Records from a data collection
---*---
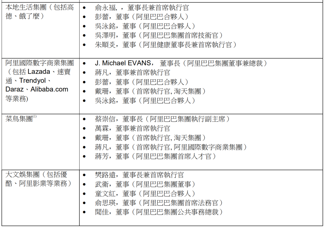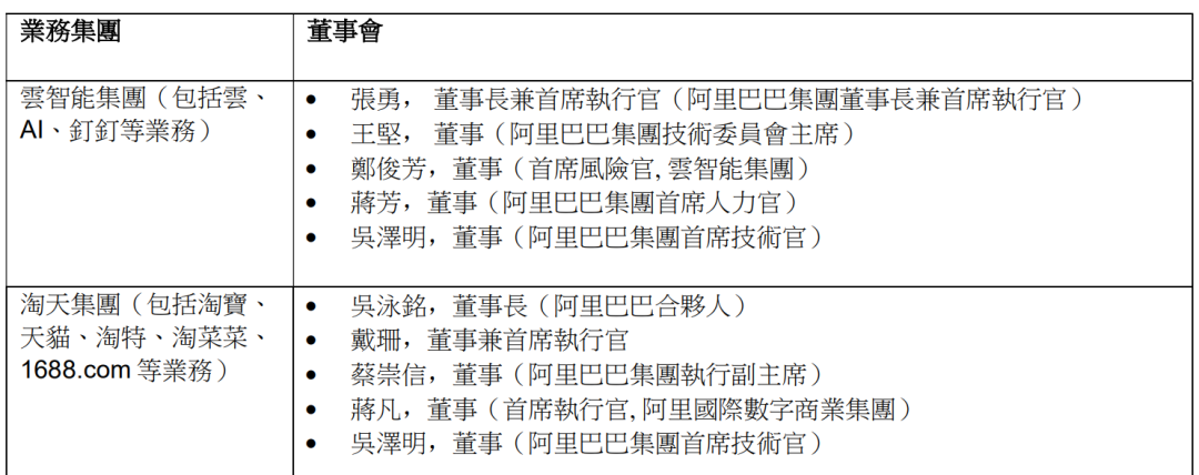 阿里巴巴集团董事会批准的六大业务集团的董事和首席执行官为:
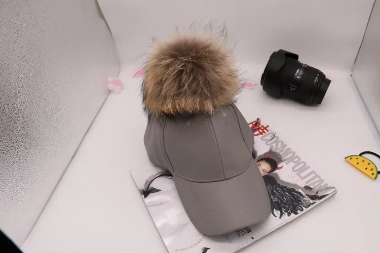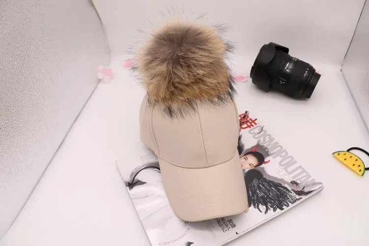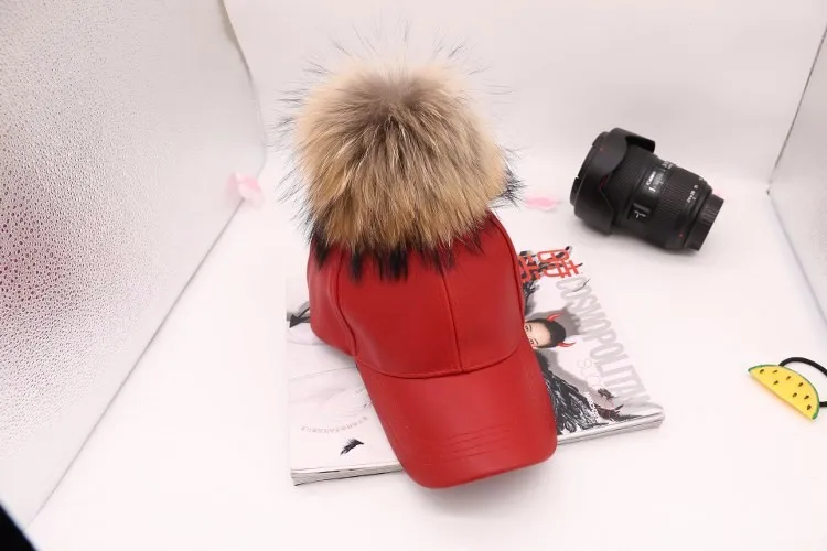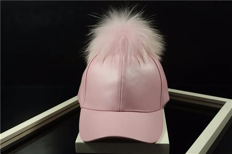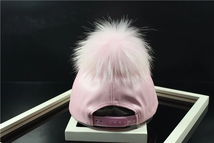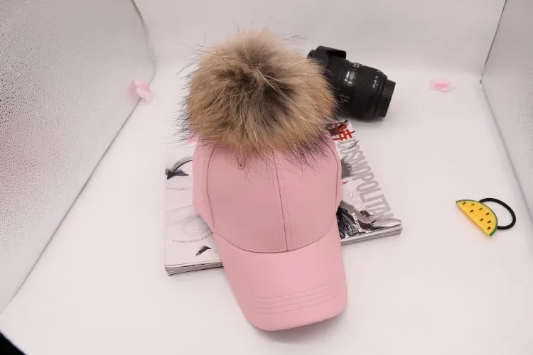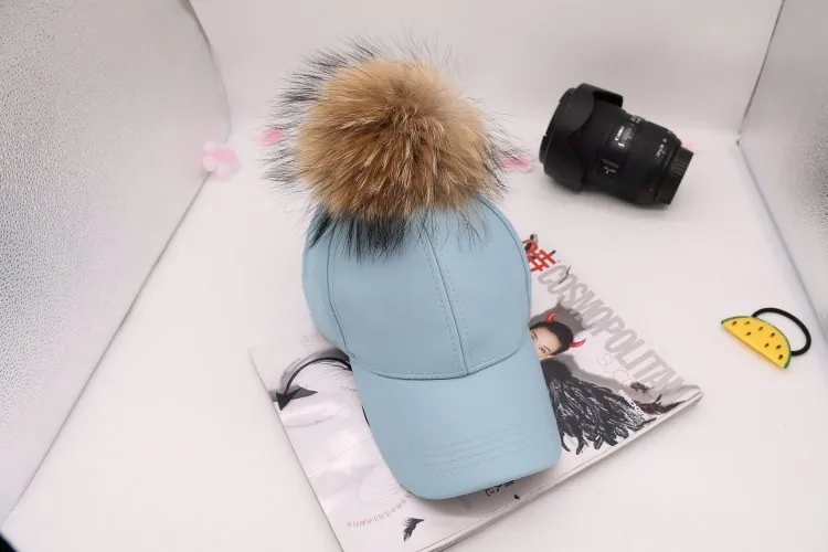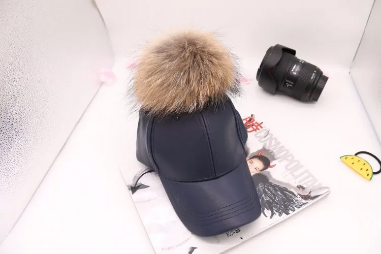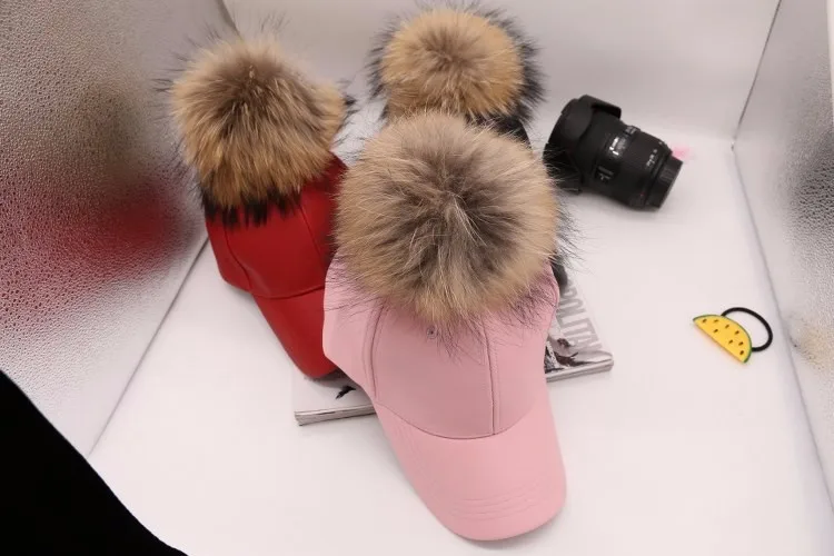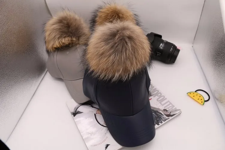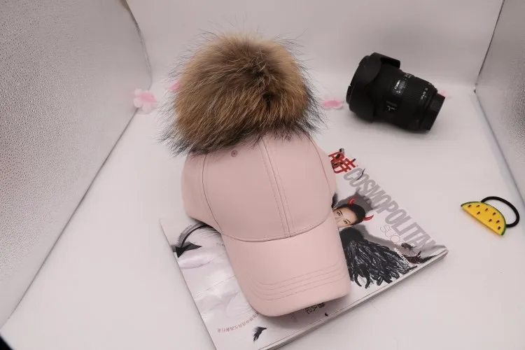 Korean Autumn winter raccoon fur women Hip Hop Baseball Cap Noble Hairball Leather Outdoor snapback Caps For Men Girls
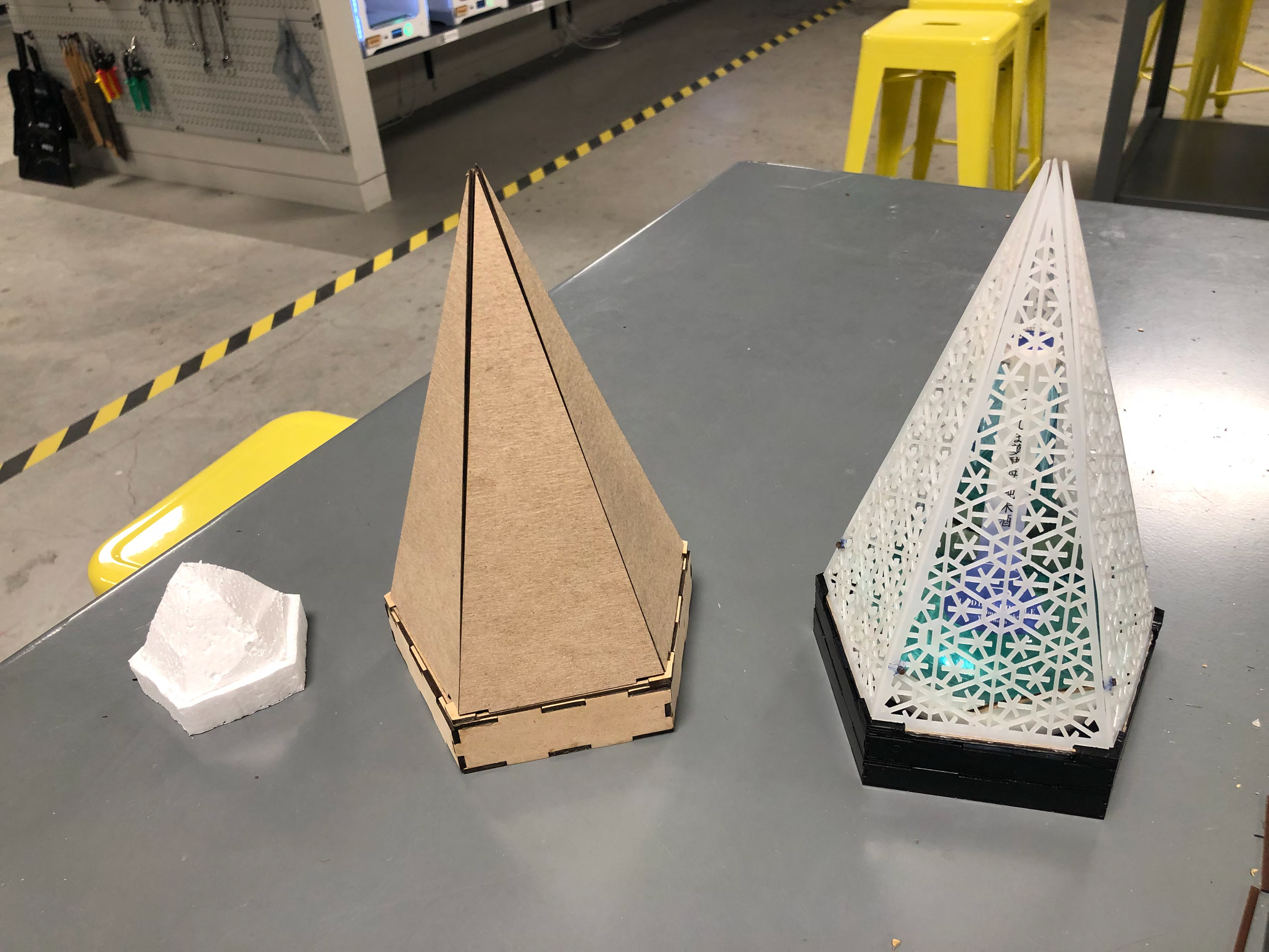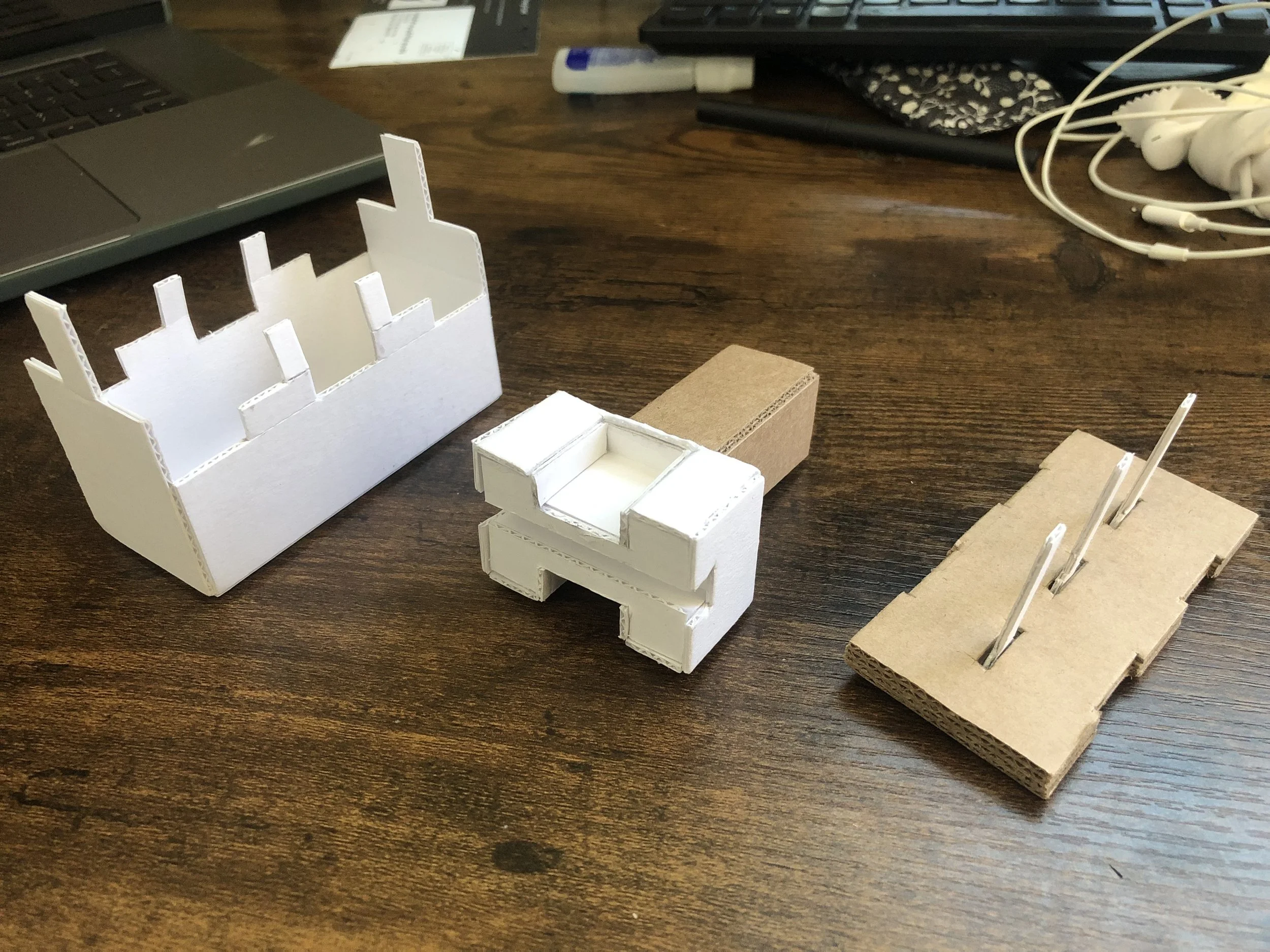 These are all the images I have of building the final sake packaging. I began with a small massing model made from sterile foam, then progressed to a cardboard model, and finally, an acrylic model.
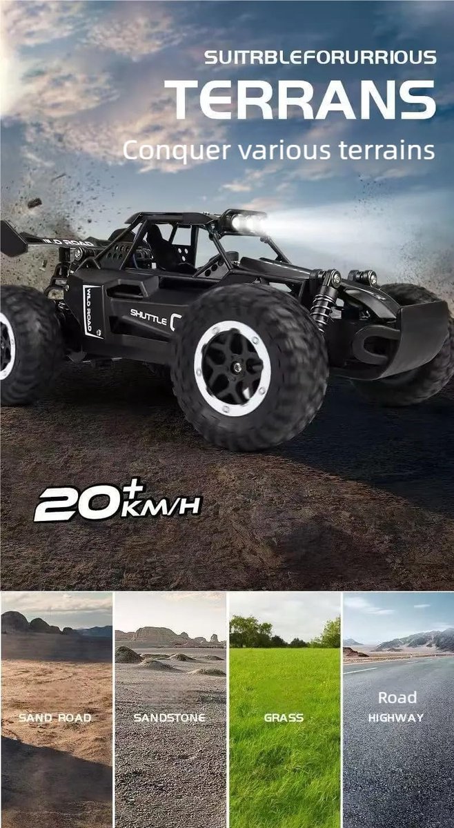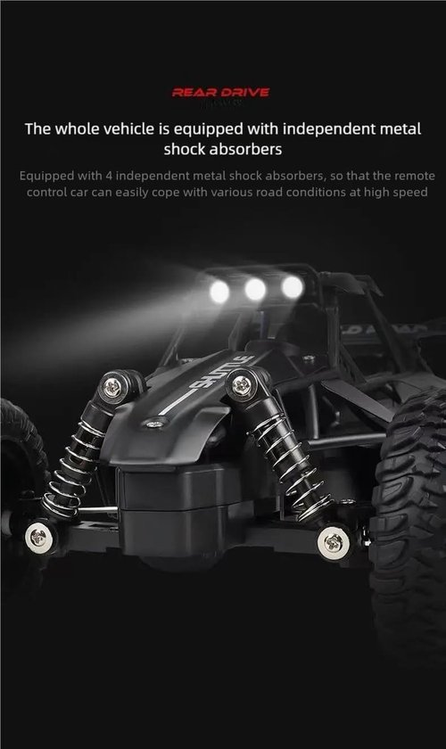 Dankzij de 2,4GHz-afstandsbediening reageert hij snel en ondersteunt hij meerdere voertuigen tegelijk.
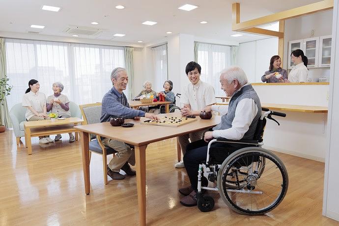 ご自宅のような居心地のよさを実現するため、リビングルーム兼食堂兼機能訓練室で過ごしていただく暮らしを中心に、少人数のグループをスタッフが見守る「ユニットケア」を採用しています。家庭的な雰囲気の中でご生活いただくユニットケアで、ご入居者様の今までの「習慣」と「こだわり」を大切にし、「その方らしさ」に深く寄りそえるよう努めています。ご入居者様の意欲やできることに目を向け、まるで「第二の自宅」のようなあたたかく家庭的な暮らしを目指しています。
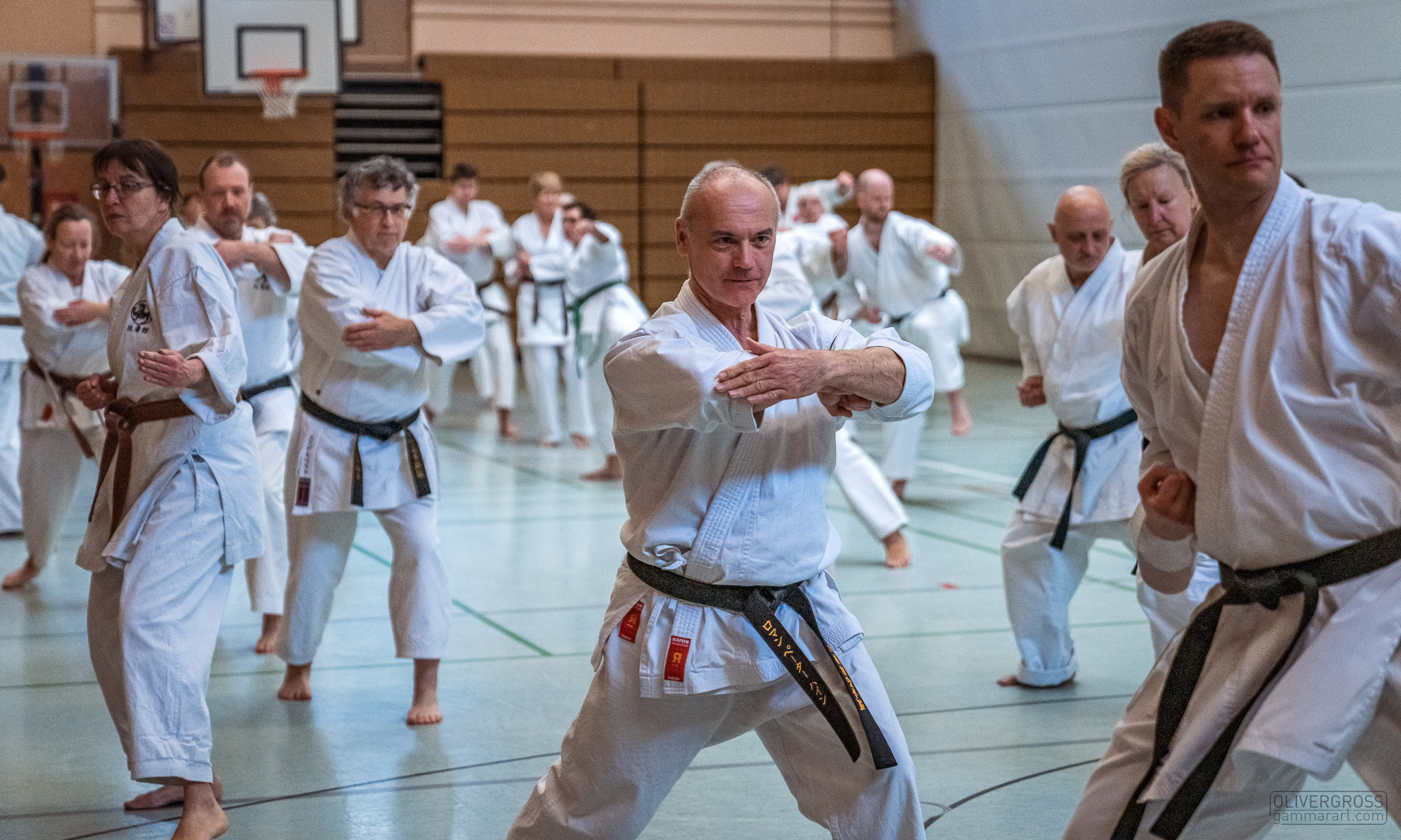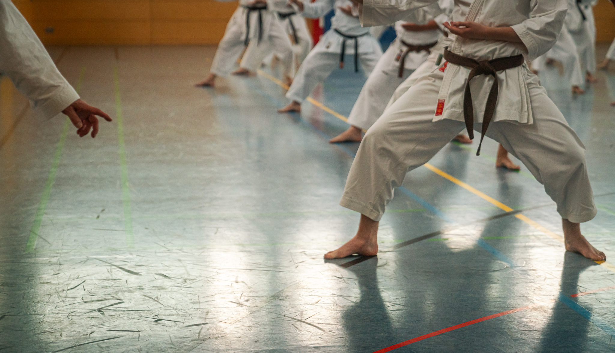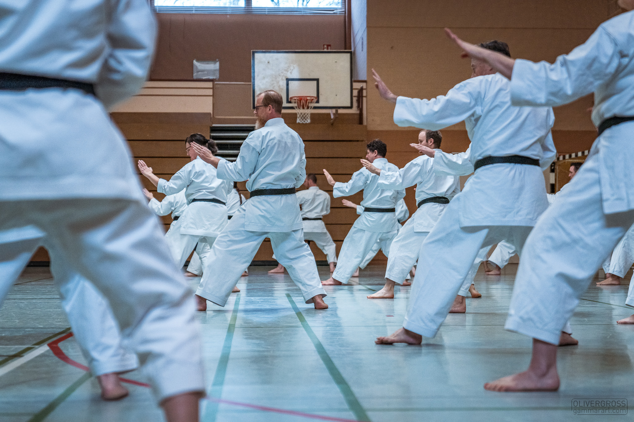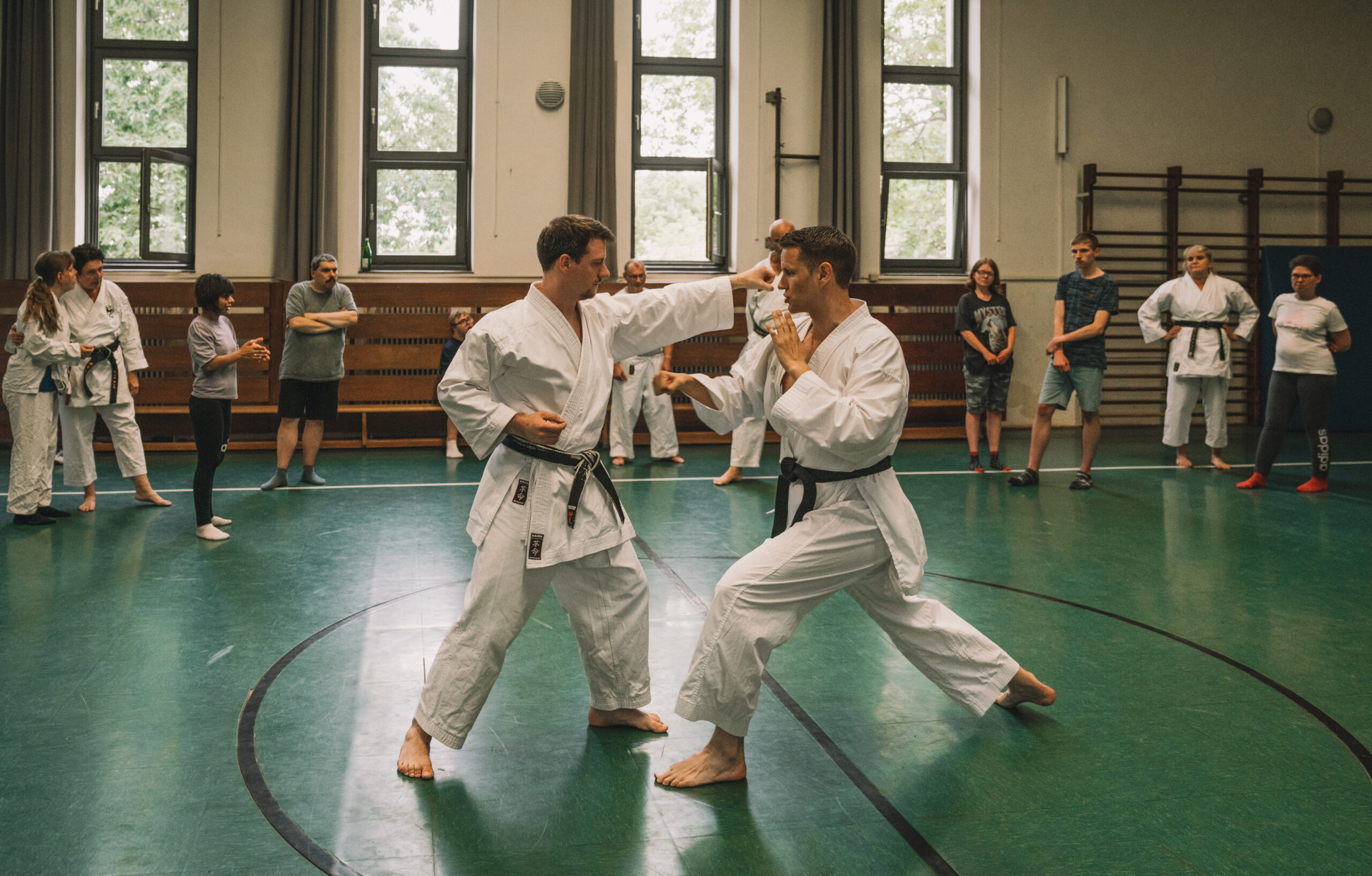 Alle trainieren Manji Uke im Karate Grundlagentraining – ohne Hacken sondern mit Harmonie.
---*---
### Task directions
Output the entries above verbatim, leaving out images.

### Result for this task
 阿里巴巴集团董事会批准的六大业务集团的董事和首席执行官为:
 Korean Autumn winter raccoon fur women Hip Hop Baseball Cap Noble Hairball Leather Outdoor snapback Caps For Men Girls
 These are all the images I have of building the final sake packaging. I began with a small massing model made from sterile foam, then progressed to a cardboard model, and finally, an acrylic model.
 Dankzij de 2,4GHz-afstandsbediening reageert hij snel en ondersteunt hij meerdere voertuigen tegelijk.
 ご自宅のような居心地のよさを実現するため、リビングルーム兼食堂兼機能訓練室で過ごしていただく暮らしを中心に、少人数のグループをスタッフが見守る「ユニットケア」を採用しています。家庭的な雰囲気の中でご生活いただくユニットケアで、ご入居者様の今までの「習慣」と「こだわり」を大切にし、「その方らしさ」に深く寄りそえるよう努めています。ご入居者様の意欲やできることに目を向け、まるで「第二の自宅」のようなあたたかく家庭的な暮らしを目指しています。
 Alle trainieren Manji Uke im Karate Grundlagentraining – ohne Hacken sondern mit Harmonie.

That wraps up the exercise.